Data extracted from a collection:
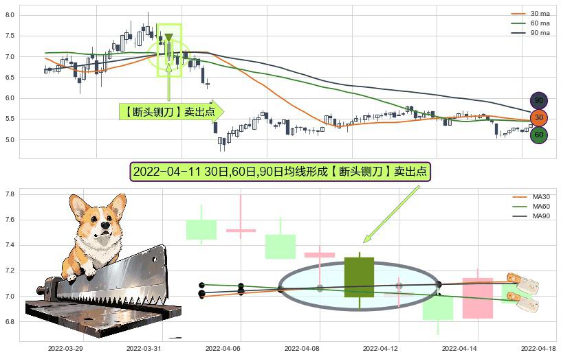 形态多维评估: ⚀ 2022-04-11日显现 30日-60日-90日均线 【断头铡刀】卖出点 看空信号,后市看跌,卖出
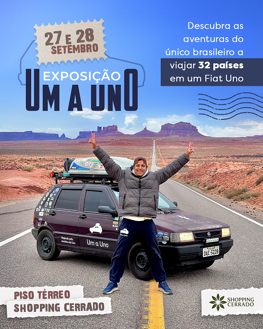 Neste sábado e domingo, 27 e 28 de setembro, o Shopping Cerrado recebe a exposição “Um a Uno”. A mostra, que já passou por diversas capitais brasileiras, aborda a história de Luiz Torelli, o primeiro brasileiro a viajar por 32 países em um Fiat Uno, ano 2002. O veículo, batizado de Sandro, estará exposto das 10h às 22h no piso térreo, em frente à loja Rihappy. O público ainda poderá ver fotos da jornada de mais de 100 mil km e adquirir itens da loja oficial do “Um a Uno”, que tem mais de 700 mil seguidores nas redes sociais.
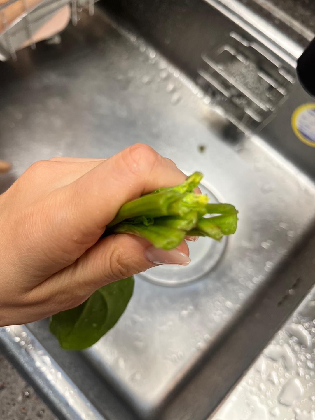 알배추가 익을동안 시금치 뿌리최대한 남기고 잘라냄(먹기편하려고)
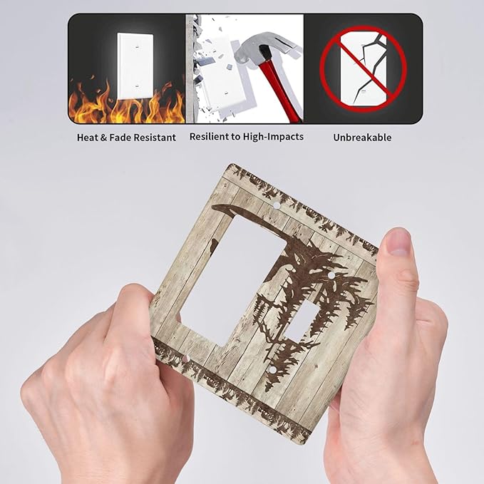 Rustic Wood Bear Forest 2 Gang Single Toggle Rocker Combination Light Switch Cover Vintage Antique Cabin Decorative Wall Plate Cover Electrical Faceplate for Farmhouse Bathroom Bedroom Kitchen Decor
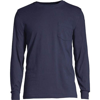 The Lands’ End Men’s Super-T Long Sleeve T-Shirt With Pocket just may be the strongest long sleeve tee you’ll ever own. Nearly invulnerable it’s made from 100% jersey knit cotton so it stretches with you when you move. And the medium weight heft makes it less likely to tear when you’re doing some serious hero work like wrestling with the dog playing ball with the kids camping in tough terrain forging new hiking paths or even just tackling that To-Do list at the office. Plus thanks to the breathable aspects of cotton you’ll have cooling comfort when you sweat. Ribbed cuffs keep long sleeves in place for additional warmth. Crewneck tee layers well under button-down shirts polos fleece flannels jackets blazers hoodies sweatshirts and vests. This is the ideal long sleeve undershirt for every man! With multiple solid colors to choose from the clothing combinations and layering potential is vast. Available in extended sizes too. Ordering a tall offers greater length if you need it. Consult sizing chart for your true to size fit.

**Task brief:** When you repeat the data, keep it exact and drop every picture.

**Response to this exercise:**
 形态多维评估: ⚀ 2022-04-11日显现 30日-60日-90日均线 【断头铡刀】卖出点 看空信号,后市看跌,卖出
 Neste sábado e domingo, 27 e 28 de setembro, o Shopping Cerrado recebe a exposição “Um a Uno”. A mostra, que já passou por diversas capitais brasileiras, aborda a história de Luiz Torelli, o primeiro brasileiro a viajar por 32 países em um Fiat Uno, ano 2002. O veículo, batizado de Sandro, estará exposto das 10h às 22h no piso térreo, em frente à loja Rihappy. O público ainda poderá ver fotos da jornada de mais de 100 mil km e adquirir itens da loja oficial do “Um a Uno”, que tem mais de 700 mil seguidores nas redes sociais.
 알배추가 익을동안 시금치 뿌리최대한 남기고 잘라냄(먹기편하려고)
 Rustic Wood Bear Forest 2 Gang Single Toggle Rocker Combination Light Switch Cover Vintage Antique Cabin Decorative Wall Plate Cover Electrical Faceplate for Farmhouse Bathroom Bedroom Kitchen Decor
 The Lands’ End Men’s Super-T Long Sleeve T-Shirt With Pocket just may be the strongest long sleeve tee you’ll ever own. Nearly invulnerable it’s made from 100% jersey knit cotton so it stretches with you when you move. And the medium weight heft makes it less likely to tear when you’re doing some serious hero work like wrestling with the dog playing ball with the kids camping in tough terrain forging new hiking paths or even just tackling that To-Do list at the office. Plus thanks to the breathable aspects of cotton you’ll have cooling comfort when you sweat. Ribbed cuffs keep long sleeves in place for additional warmth. Crewneck tee layers well under button-down shirts polos fleece flannels jackets blazers hoodies sweatshirts and vests. This is the ideal long sleeve undershirt for every man! With multiple solid colors to choose from the clothing combinations and layering potential is vast. Available in extended sizes too. Ordering a tall offers greater length if you need it. Consult sizing chart for your true to size fit.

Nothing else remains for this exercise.